Material supplied START

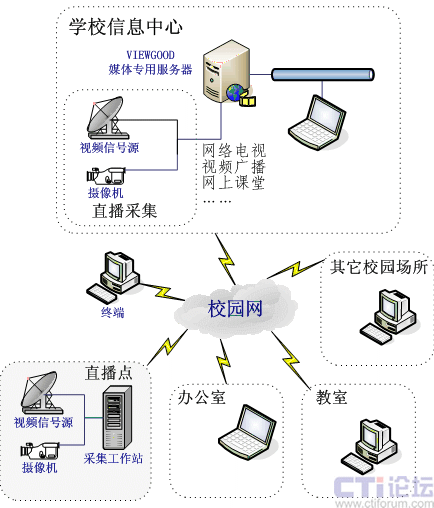 流媒體技術(shù)在中小學(xué)教學(xué)中的應(yīng)用只是其在教育應(yīng)用中的一種,整個應(yīng)用都可以通過流媒體服務(wù)平臺來實現(xiàn)。
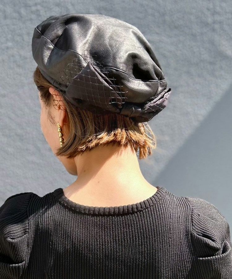 リボンレザーベレー帽 [C]
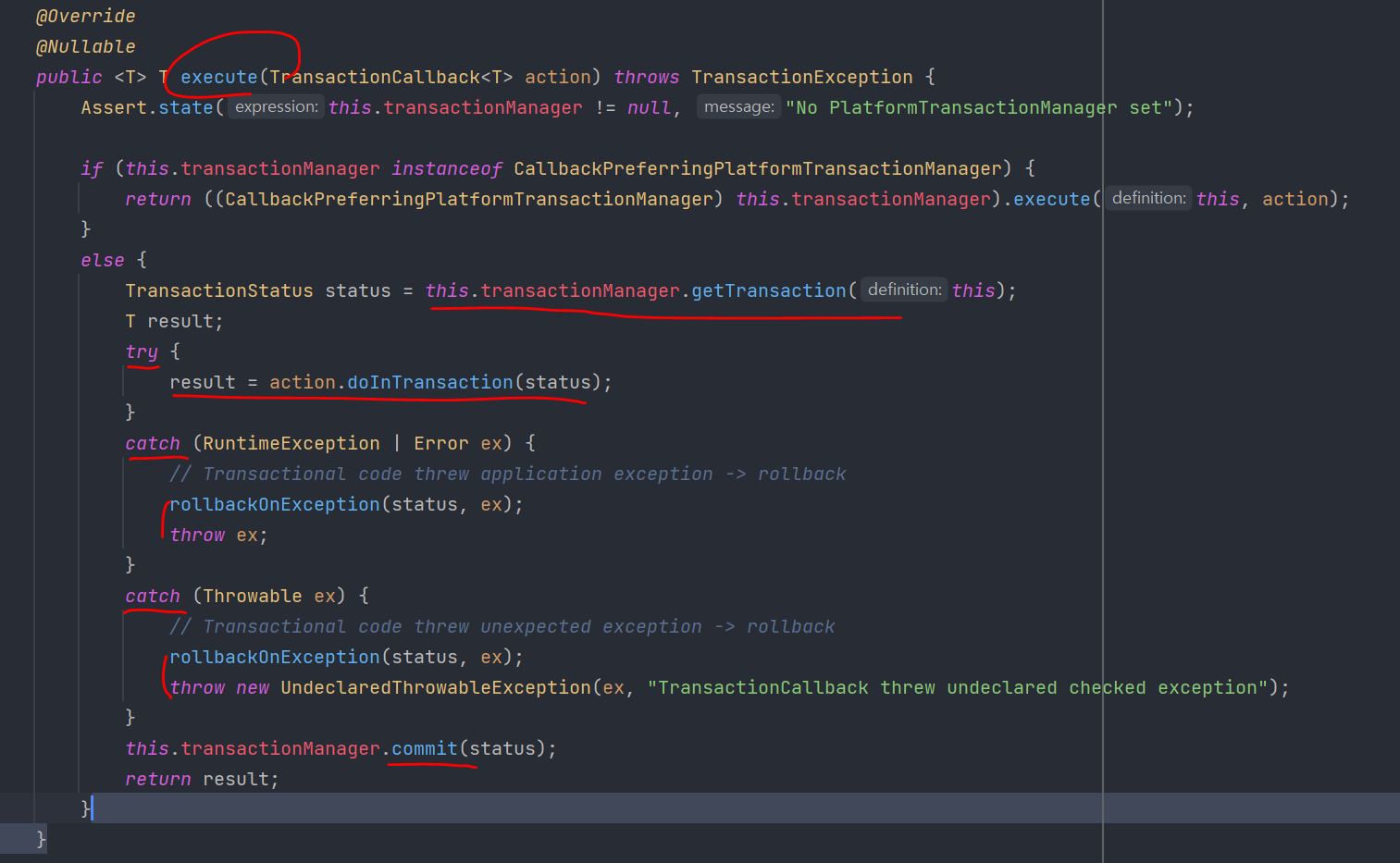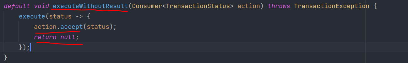 void executeWithoutResult(Consumer<TransactionStatus> action){..}
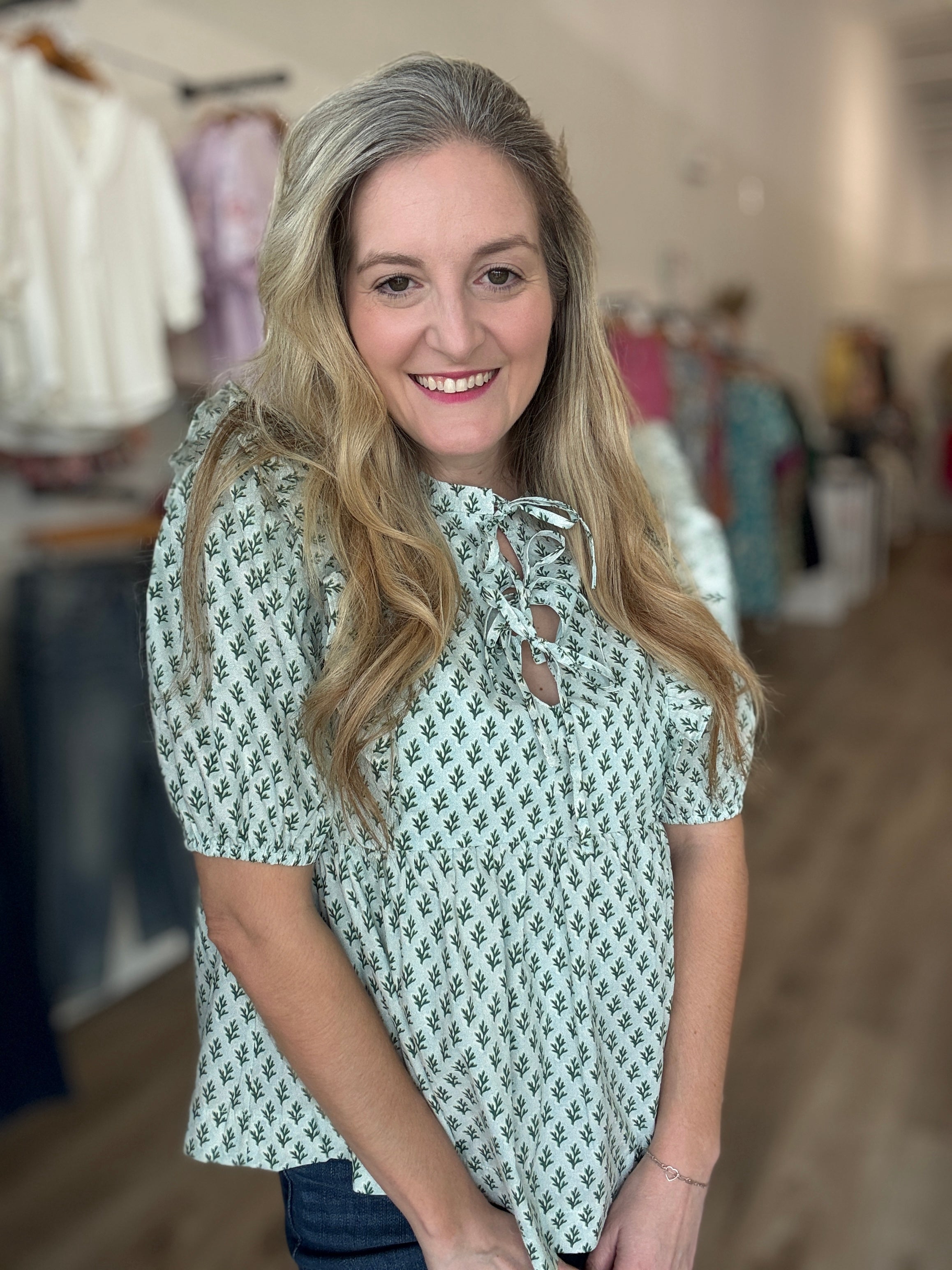 Elevate your style with our Abstract Print Top featuring a front ribbon tie and delicate ruffle details. The unique abstract print adds a touch of sophistication, while the ribbon tie and ruffle accents create a playful and feminine look. Perfect for any occasion, this top is a must-have for any fashion-forward individual!
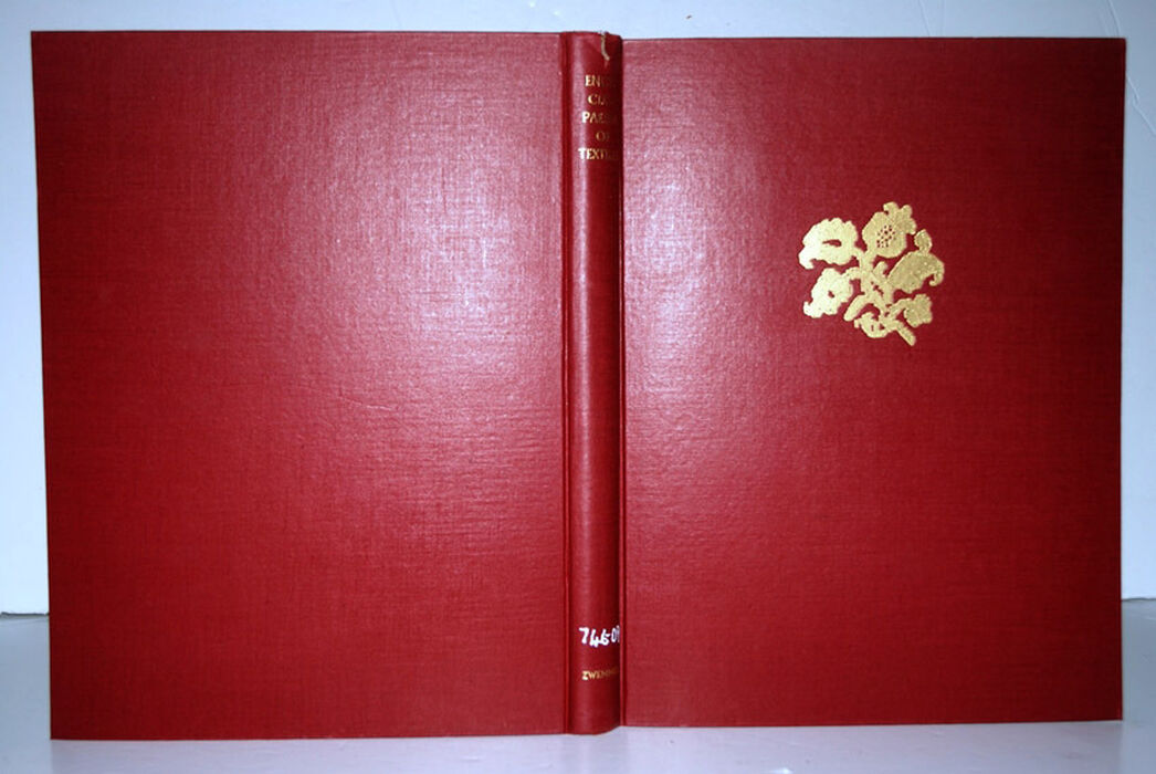Red boards with split top top of spine.

Material supplied END

What you will do:
The data above must be copied exactly. Leave out the pictures.

Answer to this exercise:
 流媒體技術(shù)在中小學(xué)教學(xué)中的應(yīng)用只是其在教育應(yīng)用中的一種,整個應(yīng)用都可以通過流媒體服務(wù)平臺來實現(xiàn)。
 リボンレザーベレー帽 [C]
 void executeWithoutResult(Consumer<TransactionStatus> action){..}
 Elevate your style with our Abstract Print Top featuring a front ribbon tie and delicate ruffle details. The unique abstract print adds a touch of sophistication, while the ribbon tie and ruffle accents create a playful and feminine look. Perfect for any occasion, this top is a must-have for any fashion-forward individual!
Red boards with split top top of spine.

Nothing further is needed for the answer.